Configure embeddings, retrieval methods, search methods, and RAG pipeline parameters.
The pipeline configuration step determines how your documents are embedded, searched, and retrieved. This is the most critical step for retrieval quality.
Embedding Settings
Embedding settings control how your document text is converted into numerical vectors. The embedding model transforms text into points in multi-dimensional space, where semantically similar content ends up closer together. Your choice of model directly impacts search accuracy, speed, and cost.
Setting
What It Does
Embedding Model
Selects the AI model that converts text into vector representations for similarity search
Dimensions
Vector size (auto-selected based on the chosen model)
Similarity Function
Determines how similarity between vectors is calculated
Available Embedding Models
Model
Dimensions
Context
Best For
all-MiniLM-L6-v2
384
256 tokens
Fast prototyping and lightweight use
all-mpnet-base-v2
768
514 tokens
Balanced quality and speed
Jina-Embeddings-v2-Base-EN
768
8192 tokens
Long documents
BGE-Large-EN-v1.5
1024
512 tokens
Enterprise-grade performance
E5-Large-v2
1024
512 tokens
High-quality English retrieval
BGE-M3
1024
8192 tokens
Multilingual + long context
Stella-EN-1.5B-v5
1024
512 tokens
State-of-the-art performance (NovaSearch)

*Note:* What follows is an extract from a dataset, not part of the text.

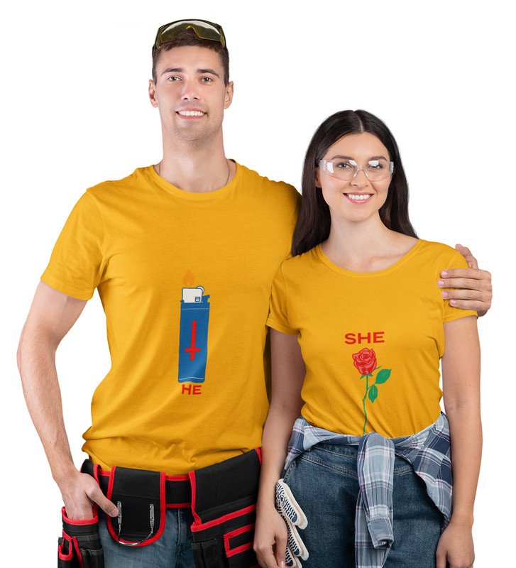 He Is Fire/She Is Rose Printed (Yellow) T-shirts For Couple

Some embedding models are only available on higher-tier plans. Check your plan details or contact sales for model availability.
Similarity Functions
Function
Description
Cosine
Measures angle between vectors (recommended for most cases)
Euclidean
Measures straight-line distance between vectors
Dot Product
Measures alignment between vectors
Manhattan
Measures distance using grid-like paths
Retrieval Method
Retrieval method determines how the chunks found by your search are assembled into the context window sent to the LLM. Different retrieval methods provide varying levels of context richness — from simple raw chunk content to LLM-enhanced summaries that include surrounding document structure and extracted entities.
Setting
What It Does
Retrieval Method
Determines how retrieved chunks are assembled into context for the LLM
Custom Document Template
Setting
What It Does
Document Template
Template string that controls how chunk content and metadata are formatted
Available Tags:{content}, {author}, {title}, {created_date}, {source}, {chunk_index}
Contextual Retrieval
Setting
What It Does
Contextual Retrieval Template
Template for LLM-enhanced context assembly
LLM Model
Selects the LLM used to enhance chunk context with surrounding document information
Query templates allow you to reformat user queries before they are embedded and searched. This is useful for optimizing how different types of questions are processed — for example, wrapping queries in "Question: ..." format can improve results for Q&A use cases.
Setting
What It Does
Query Template
Template for processing user queries before searching
Template Presets
Preset
Template
Use Case
Question Answering
Question: {query}\nAnswer:
Q&A chatbots
Code Search
Find code related to: {query}
Code repositories
Keyword Search
{query}
Direct keyword matching
Search Method
Search method defines how your system finds relevant chunks when a query is made. Dense (vector) search finds semantically similar content, while sparse (BM25) search matches exact keywords. Hybrid search combines both approaches for the best of both worlds — catching both conceptual matches and exact keyword hits.
Setting
What It Does
Search Method
Selects the search strategy for finding relevant chunks
Controls how much BM25 scores influence final rankings (0-1)
Hybrid Rerank Method
Determines how vector and BM25 results are combined
Search Methods
Method
Description
Dense
Pure vector (embedding) search
Sparse
BM25 keyword search only
Hybrid
Vector + BM25 with reranking
Graph
Vector + knowledge graph traversal
Reranking Methods
Method
Description
RRF
Reciprocal Rank Fusion (recommended)
Reciprocal Rank Fusion
Full RRF with configurable window
Weighted Sum
Weighted combination of scores
RAG Pipeline Settings
Pipeline settings control the final stages of query processing — how many results are returned, what quality threshold they must meet, and how the retrieved context is assembled before being sent to the LLM. These settings balance result quantity against quality and control whether your system returns raw search results or generates natural language answers.
Setting
What It Does
Top K
Number of results to return per query
Score Threshold
Minimum similarity score — results below this are filtered out
Context Assembly
Strategy for ordering and combining retrieved chunks
Max Context Length
Maximum number of tokens in the assembled context
LLM Integration
Enables LLM-powered answer generation (requires LLM model integration)
LLM Model
Selects the LLM model for generating answers
Temperature
Controls LLM creativity (0 = deterministic, 1 = more creative)
Context Assembly Methods
Method
Description
Ranked
Assembles chunks by relevance score (recommended)
Sequential
Assembles chunks in original document order
Weighted
Combines relevance score and document position
Start with defaults and adjust top_k and score_threshold based on your evaluation results. Higher thresholds reduce noise but may miss relevant chunks.